Directions for this task. Work through the entries below and show every line in which "Women" is found.

Available data.
----------

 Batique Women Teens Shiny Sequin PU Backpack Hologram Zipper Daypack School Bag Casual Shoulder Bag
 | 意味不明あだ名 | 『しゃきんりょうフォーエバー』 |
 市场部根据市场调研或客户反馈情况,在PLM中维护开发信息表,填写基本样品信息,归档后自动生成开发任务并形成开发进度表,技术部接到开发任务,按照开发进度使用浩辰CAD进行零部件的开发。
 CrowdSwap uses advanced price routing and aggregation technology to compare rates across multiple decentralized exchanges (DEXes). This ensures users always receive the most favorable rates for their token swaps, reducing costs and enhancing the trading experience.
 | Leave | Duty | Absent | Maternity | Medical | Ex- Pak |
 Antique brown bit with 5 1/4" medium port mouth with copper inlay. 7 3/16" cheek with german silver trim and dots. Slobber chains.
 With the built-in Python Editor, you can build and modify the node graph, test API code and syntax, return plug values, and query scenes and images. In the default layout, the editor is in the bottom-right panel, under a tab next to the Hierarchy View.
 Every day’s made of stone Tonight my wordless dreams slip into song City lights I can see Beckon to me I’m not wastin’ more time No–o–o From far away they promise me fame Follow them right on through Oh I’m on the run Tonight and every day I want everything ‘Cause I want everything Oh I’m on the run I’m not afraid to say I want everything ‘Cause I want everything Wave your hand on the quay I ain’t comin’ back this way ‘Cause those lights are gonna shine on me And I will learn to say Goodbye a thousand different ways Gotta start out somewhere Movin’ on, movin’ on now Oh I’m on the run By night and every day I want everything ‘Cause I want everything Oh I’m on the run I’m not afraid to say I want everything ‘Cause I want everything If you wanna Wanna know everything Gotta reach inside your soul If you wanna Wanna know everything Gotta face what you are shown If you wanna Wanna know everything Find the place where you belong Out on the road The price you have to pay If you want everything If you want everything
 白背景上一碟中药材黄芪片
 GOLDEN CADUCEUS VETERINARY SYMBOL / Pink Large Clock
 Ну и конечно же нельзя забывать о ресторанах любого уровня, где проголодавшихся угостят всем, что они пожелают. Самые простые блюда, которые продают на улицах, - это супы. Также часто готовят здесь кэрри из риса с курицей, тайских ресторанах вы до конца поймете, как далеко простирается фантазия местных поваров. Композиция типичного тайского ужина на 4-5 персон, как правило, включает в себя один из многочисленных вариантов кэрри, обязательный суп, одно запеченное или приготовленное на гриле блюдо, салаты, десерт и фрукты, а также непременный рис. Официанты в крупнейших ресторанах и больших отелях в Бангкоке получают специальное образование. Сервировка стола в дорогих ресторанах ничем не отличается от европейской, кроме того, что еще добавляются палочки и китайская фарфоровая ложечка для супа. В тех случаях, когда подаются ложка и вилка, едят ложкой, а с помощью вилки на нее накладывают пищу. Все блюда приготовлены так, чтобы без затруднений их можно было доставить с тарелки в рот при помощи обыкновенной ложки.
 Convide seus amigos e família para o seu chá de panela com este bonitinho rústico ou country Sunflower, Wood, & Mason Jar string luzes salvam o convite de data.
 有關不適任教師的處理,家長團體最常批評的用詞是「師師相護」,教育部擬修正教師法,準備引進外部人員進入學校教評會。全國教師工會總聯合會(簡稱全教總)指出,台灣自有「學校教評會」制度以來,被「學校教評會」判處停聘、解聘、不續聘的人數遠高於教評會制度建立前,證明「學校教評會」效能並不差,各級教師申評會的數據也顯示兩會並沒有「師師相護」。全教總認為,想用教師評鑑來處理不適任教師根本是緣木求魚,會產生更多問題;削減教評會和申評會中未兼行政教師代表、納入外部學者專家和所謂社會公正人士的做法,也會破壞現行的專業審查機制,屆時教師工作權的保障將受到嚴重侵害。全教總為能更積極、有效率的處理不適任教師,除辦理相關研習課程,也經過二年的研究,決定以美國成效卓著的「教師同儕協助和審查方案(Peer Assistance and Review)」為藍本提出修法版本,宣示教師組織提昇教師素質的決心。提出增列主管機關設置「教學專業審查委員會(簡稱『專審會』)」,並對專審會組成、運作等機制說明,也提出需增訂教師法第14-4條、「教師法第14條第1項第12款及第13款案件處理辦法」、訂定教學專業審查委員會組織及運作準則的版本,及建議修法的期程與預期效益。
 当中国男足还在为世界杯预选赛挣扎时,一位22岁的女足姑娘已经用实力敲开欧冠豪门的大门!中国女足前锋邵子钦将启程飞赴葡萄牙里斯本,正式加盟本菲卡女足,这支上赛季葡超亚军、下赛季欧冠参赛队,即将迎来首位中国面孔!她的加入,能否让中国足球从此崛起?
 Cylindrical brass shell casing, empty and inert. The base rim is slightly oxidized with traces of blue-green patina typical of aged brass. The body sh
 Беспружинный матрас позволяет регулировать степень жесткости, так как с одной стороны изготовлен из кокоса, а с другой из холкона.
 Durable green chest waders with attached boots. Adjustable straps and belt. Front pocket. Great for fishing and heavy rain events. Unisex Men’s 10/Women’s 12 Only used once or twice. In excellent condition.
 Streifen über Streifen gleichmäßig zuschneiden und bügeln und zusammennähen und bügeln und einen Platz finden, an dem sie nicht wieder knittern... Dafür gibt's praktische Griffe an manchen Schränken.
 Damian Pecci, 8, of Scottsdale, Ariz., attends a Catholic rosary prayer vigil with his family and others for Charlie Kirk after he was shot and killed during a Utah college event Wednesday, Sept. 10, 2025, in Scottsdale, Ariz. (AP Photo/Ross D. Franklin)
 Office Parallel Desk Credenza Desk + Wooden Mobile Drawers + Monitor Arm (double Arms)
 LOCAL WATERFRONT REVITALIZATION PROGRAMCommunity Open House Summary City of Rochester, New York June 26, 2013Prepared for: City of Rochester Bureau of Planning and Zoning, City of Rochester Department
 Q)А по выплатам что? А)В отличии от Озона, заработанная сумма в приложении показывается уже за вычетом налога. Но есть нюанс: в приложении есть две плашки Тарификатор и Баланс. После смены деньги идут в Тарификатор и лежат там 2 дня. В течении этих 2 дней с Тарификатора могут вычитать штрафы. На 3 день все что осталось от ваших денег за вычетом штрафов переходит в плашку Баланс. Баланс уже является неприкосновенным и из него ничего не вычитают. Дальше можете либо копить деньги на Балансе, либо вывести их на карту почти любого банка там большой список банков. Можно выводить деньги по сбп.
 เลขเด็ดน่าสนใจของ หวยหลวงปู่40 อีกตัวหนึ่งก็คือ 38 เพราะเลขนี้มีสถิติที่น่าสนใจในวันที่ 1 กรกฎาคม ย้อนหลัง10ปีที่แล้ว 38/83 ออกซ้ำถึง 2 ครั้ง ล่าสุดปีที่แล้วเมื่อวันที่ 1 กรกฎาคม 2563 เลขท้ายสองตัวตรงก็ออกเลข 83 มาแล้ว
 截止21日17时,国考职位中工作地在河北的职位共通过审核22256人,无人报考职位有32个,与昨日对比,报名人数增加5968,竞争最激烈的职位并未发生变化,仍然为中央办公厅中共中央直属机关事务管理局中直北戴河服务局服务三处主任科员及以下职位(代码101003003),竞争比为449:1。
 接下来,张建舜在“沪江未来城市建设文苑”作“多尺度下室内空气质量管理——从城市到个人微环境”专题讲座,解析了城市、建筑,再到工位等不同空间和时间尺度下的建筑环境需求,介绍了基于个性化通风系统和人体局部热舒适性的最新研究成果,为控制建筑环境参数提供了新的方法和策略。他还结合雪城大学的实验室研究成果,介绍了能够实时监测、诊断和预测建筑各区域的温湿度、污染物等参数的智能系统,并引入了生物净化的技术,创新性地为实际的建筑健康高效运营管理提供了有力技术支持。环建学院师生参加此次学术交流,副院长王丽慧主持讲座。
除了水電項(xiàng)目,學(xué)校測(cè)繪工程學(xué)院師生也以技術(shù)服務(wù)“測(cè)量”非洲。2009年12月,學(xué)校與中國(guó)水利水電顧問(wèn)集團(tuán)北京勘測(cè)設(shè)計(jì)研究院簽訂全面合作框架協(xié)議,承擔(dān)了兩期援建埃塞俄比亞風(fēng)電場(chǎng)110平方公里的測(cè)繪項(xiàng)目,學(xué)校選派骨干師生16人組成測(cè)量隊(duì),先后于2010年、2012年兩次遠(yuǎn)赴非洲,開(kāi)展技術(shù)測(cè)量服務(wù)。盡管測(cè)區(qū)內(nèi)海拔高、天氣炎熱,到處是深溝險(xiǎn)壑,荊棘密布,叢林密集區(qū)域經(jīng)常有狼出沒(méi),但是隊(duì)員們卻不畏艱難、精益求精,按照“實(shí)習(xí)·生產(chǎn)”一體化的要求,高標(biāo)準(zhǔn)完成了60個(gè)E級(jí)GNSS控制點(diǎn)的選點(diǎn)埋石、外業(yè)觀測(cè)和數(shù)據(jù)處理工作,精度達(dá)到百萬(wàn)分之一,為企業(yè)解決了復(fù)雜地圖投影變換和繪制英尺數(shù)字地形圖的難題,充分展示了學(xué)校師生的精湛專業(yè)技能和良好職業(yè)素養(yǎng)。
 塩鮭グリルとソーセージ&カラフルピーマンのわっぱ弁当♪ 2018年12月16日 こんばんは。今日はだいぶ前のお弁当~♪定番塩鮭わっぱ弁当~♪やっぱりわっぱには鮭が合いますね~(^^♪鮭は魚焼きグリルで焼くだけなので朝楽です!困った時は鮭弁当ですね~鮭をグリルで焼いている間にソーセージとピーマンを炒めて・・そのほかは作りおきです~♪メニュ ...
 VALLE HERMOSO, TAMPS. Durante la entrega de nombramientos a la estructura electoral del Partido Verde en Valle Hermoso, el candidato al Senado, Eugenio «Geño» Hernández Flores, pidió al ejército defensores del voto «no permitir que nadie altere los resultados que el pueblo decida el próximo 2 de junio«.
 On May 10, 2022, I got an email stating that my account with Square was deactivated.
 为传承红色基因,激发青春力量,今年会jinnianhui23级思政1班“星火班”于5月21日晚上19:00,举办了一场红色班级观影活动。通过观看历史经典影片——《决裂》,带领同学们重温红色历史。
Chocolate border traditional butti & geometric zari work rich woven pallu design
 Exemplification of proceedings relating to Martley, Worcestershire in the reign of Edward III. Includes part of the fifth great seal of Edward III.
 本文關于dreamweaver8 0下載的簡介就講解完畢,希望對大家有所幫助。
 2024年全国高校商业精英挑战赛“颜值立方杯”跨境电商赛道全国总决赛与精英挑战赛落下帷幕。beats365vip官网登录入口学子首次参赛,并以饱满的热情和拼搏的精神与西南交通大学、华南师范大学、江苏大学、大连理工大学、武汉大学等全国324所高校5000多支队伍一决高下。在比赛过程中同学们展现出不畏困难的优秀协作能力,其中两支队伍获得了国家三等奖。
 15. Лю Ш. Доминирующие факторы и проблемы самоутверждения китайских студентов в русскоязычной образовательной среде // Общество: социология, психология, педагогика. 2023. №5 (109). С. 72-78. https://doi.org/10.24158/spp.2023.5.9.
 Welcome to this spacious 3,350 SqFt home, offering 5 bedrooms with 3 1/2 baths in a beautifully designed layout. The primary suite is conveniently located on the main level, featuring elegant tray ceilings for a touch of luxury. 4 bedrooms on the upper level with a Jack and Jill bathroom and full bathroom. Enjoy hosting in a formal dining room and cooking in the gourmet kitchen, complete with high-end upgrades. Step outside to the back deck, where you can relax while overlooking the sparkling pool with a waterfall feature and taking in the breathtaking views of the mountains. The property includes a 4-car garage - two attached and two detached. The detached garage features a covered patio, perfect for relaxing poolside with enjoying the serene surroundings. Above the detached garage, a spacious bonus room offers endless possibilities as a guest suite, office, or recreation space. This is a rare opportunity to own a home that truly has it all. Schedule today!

----------

Finished exercise.
 Batique Women Teens Shiny Sequin PU Backpack Hologram Zipper Daypack School Bag Casual Shoulder Bag
 Durable green chest waders with attached boots. Adjustable straps and belt. Front pocket. Great for fishing and heavy rain events. Unisex Men’s 10/Women’s 12 Only used once or twice. In excellent condition.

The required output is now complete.